Vounatsos has a number of pressing tasks on his to-do list, first among them being to try and resuscitate Biogen’s multiple sclerosis (MS) franchise. On a conference call, he suggested the company would continue to look for M&A opportunities without explicitly removing the possibility that a buyer may come calling, while also indicating an interest in exploring the possibility of expanding Biogen’s neurology focus to include ophthalmology.
PARPs be poppin'
Investors have shown a keen interest in PARP inhibitors, which have been demonstrated encouraging activity in a handful of tumour types, and the class just got a tacit thumbs up from the FDA, which this week alone approved Clovis Oncology’s Rubraca (rucaparib) two months early and said an AdComm would not be necessary to discuss a newly filed application for Tesaro’s niraparib.
On December 19, Clovis said it received accelerated approval from the FDA for Rubraca to treat ovarian cancer in patients with BRCA mutations who have received two or more chemotherapies.

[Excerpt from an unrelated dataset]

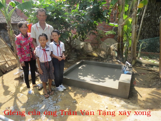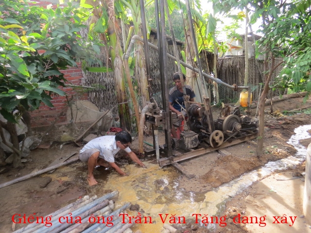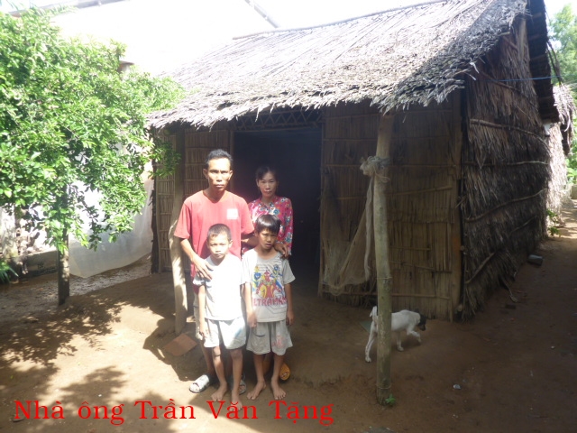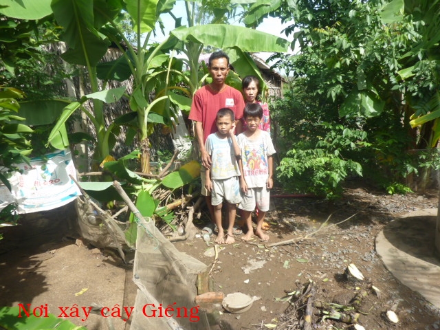 Tran Van Tang, 41 years old, resides in Ben Trai Hamlet, An Thuan Village, Thanh Phu District. He and his wife have 2 children. They don’t own land and work whatever job is available. They have to go to their neighbor to get water because they don’t have a water well at their place.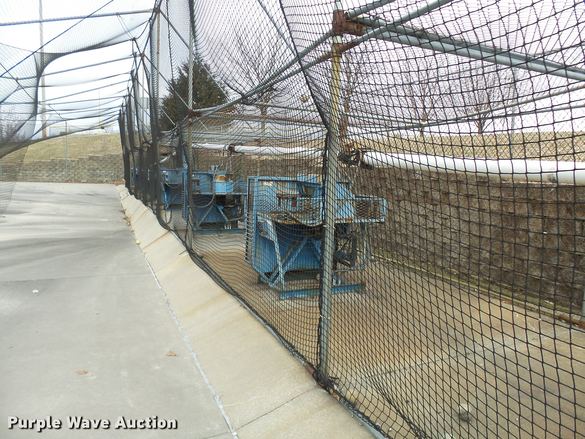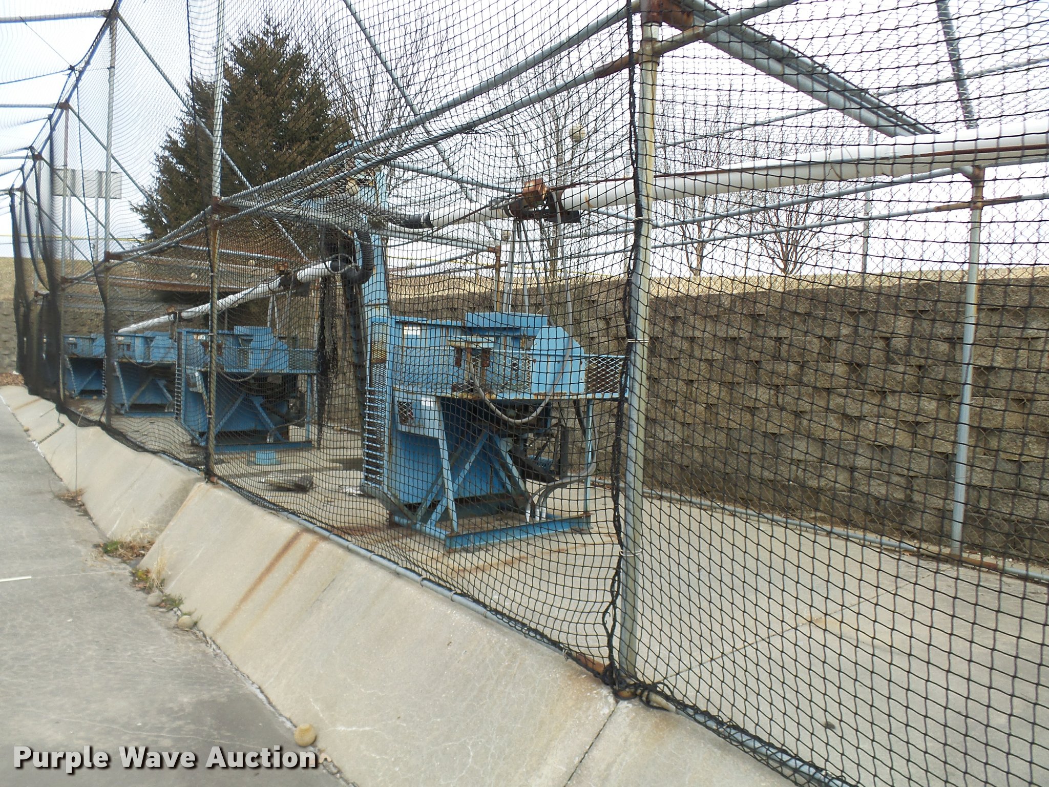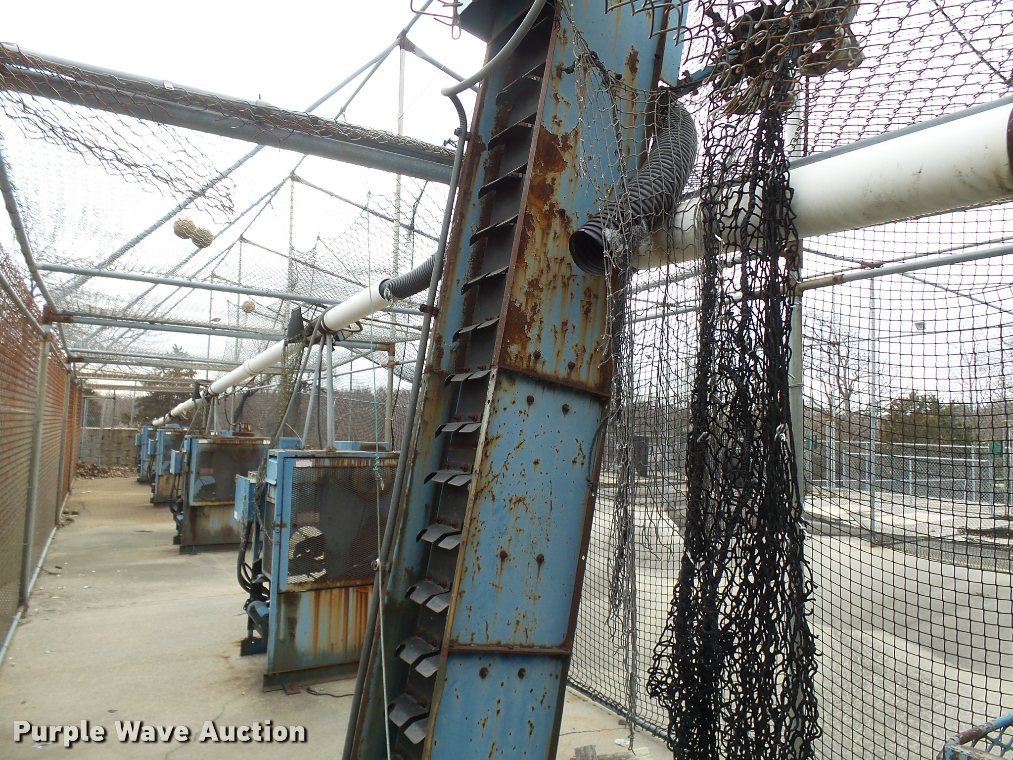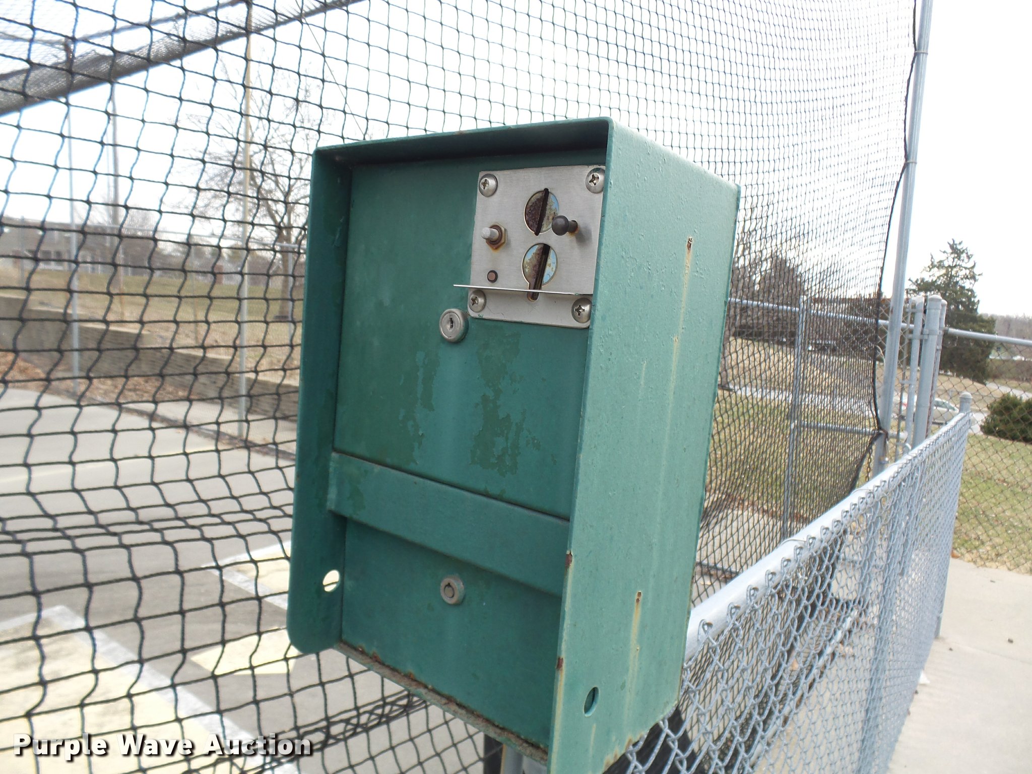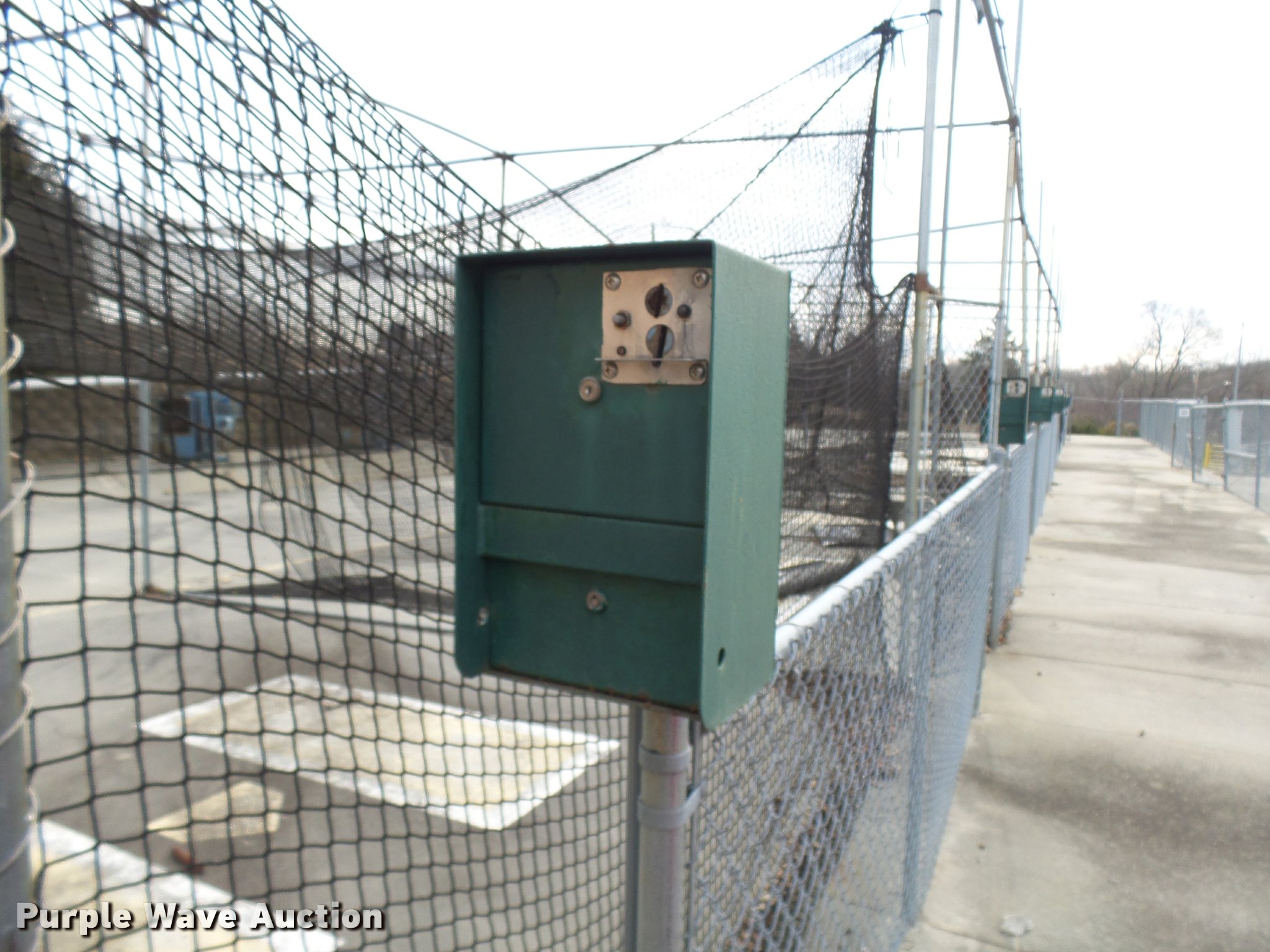 Purple Wave is selling a used Sporting Goods in Missouri. This item is a (8) commercial batting cages with the following: Coin/token operation, (8) Master pitching machines, Model A-55, Adjustable speed control, (8) bays, 120" x 50" net and structures, Self-feeding ball elevator, PVC dispensing tubes, Coin/token machine, Coin/token change machine with sled for dispensing, All netting and steel structure included, Operational when removed from service in 2015, All contents must be removed, Exterior fence not included

The approval came well ahead of the February PDUFA date, which gives the company some extra time to establish the drug in a market where AstraZeneca’s Lynparza (olaparib) has the benefit of a two-year head start.
The FDA’s speedy decision may be all the more important given news on December 20 that the agency had also accepted and granted priority review to an application for Tesaro’s niraparib as second-line maintenance therapy for ovarian cancer, which would put the agent in front of Rubraca in the treatment algorithm in a setting where little is known about the utility of re-treatment with a PARP inhibitor.
Investors will inevitably begin to place bets on whether one or both of the companies may become a target for one of the many cancer-inclined pharma players, though this is likely to be a more poignant question for Clovis, which does not have additional pipeline programmes to sustain it long-term.